ÖZGÜR ÖZEL'DEN İMAMOĞLU'NUN TUTUKLANMASINA İLİŞKİN AÇIKLAMA YAPTI
CHP Genel Başkanı Özgür Özel, yolsuzluk soruşturmasında tutuklanmasının ardından İstanbul Büyükşehir Belediye (İBB) Başkanlığı görevinden uzaklaştırılan Ekrem İmamoğlu'nun "casusluk" suçundan tutuklanmasına ilişkin, "Elbette yorgunuz, kızgınız, tepkiliyiz ama hiçbiri ümit etmesin ki ne moralsiziz ne bizi yıkabildiler ne de yıkabilecekler." dedi.
"Hiçbiri ümit etmesin ki bizi yıkamadılar"
Özel, "casusluk" suçundan yürütülen soruşturma kapsamında İmamoğlu'nun tutuklanmasına ilişkin İstanbul Adliyesi önünde konuştu.
Özgür Özel konuşmasında, "Elbette yorgunuz, kızgınız, tepkiliyiz ama hiçbiri ümit etmesin ki ne moralsiziz ne bizi yıkabildiler ne de yıkabilecekler. Bugün yukarıda bu kanunlara son derece hakim yetkin avukatların ortak değerlendirmesi şuydu, demek ki bu kadar aciz duruma düştüler. Demek ki diğer suçlamalarda vatandaşı ikna edemediler." ifadelerini kullandı.
"Casusluk suçlamasıyla vatandaşı ikna etmeye çalışıyorlar"
Ekrem İmamoğlu ve arkadaşları hakkındaki terör örgütüne destek ve yolsuzluk iddialarının ispat edilemediğini iddia eden Özel, "En sonunda son çare yeni baştan bir şey yapalım biz bunlara casusluk suçlamasında bulunalım, belki vatandaşı böyle ikna ederiz diye bir şey söylüyorlar ortaya." açıklamasını yaptı.
"Evrak avukatlara verilmeden bilgi notu gönderildi"

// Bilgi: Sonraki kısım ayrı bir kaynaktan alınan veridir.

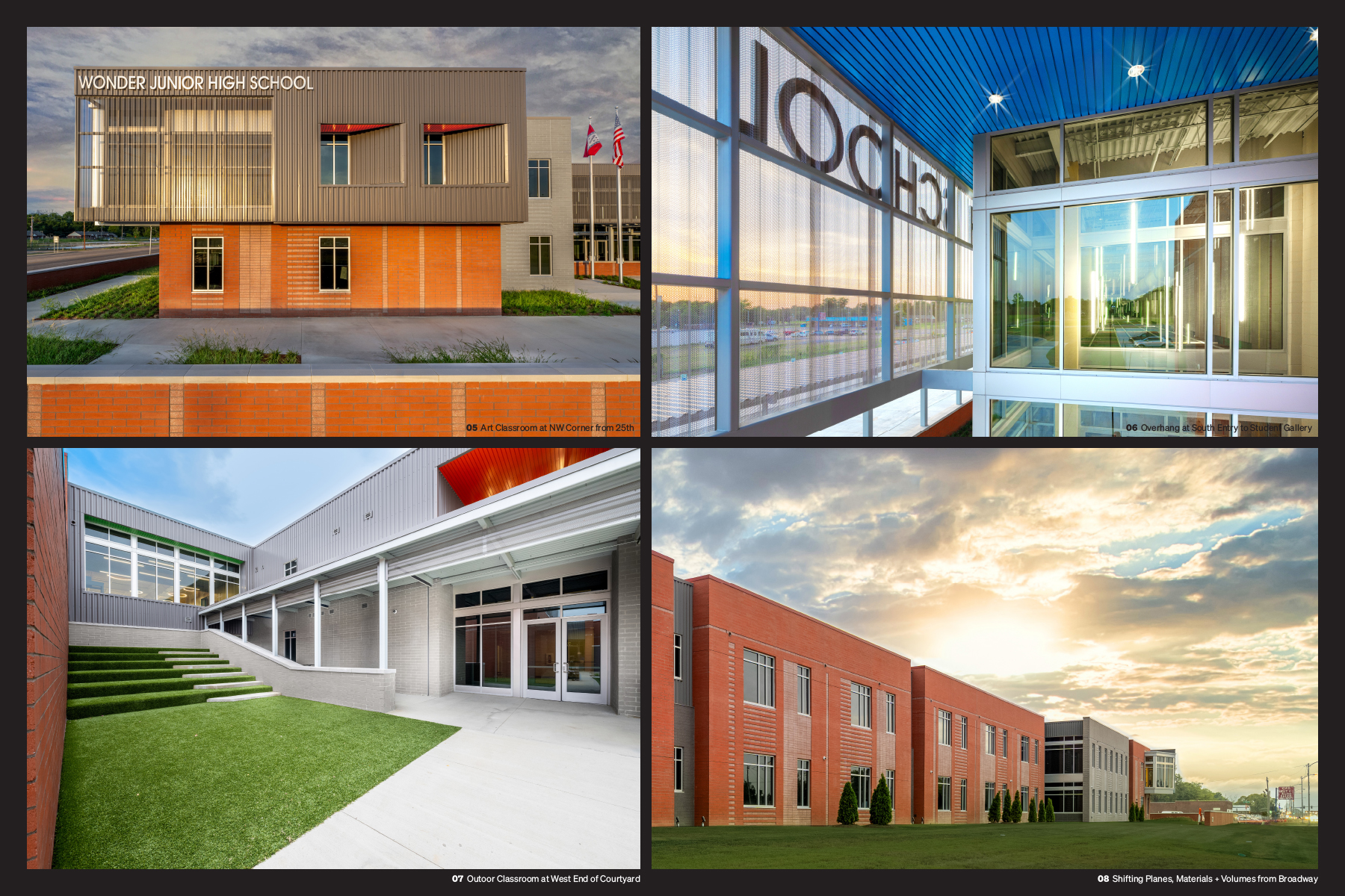 Located in West Memphis, Arkansas, the New Wonder Junior High School transforms a blighted 13-acre urban site on Broadway Avenue into a dynamic learning environment that blurs the line between indoors and nature.

Özel, tutuklama kararı okunduğu sırada evrakın avukatlara verilmeden Başsavcılığın basın bilgi notu gönderdiğini savunarak, şöyle konuştu:
"Bilgi notu da şöyle başlıyor, 'Ekrem İmamoğlu'nun Cumhuriyet Halk Partisi'ni yasa dışı yollarla ele geçirmek ve Cumhurbaşkanlığı için fon sağlamak için kurduğu terör örgütünün diğer suçlarının yanında.' Yahu o suçların, onun suç olabilmesi için adının çıkar amaçlı suç örgütü olabilmesi için sen önce iddianameyi yazacaksın, delilleri koyacaksın. Bunun üzerine yargılama başlayacak. Yargılamanın sonunda burada bir karar verilecek. Olumsuz bir karar olsa istinafı olacak, Yargıtay'ı olacak, karar kesinleşecek ancak ondan sonra buna suç örgütü denilebilir."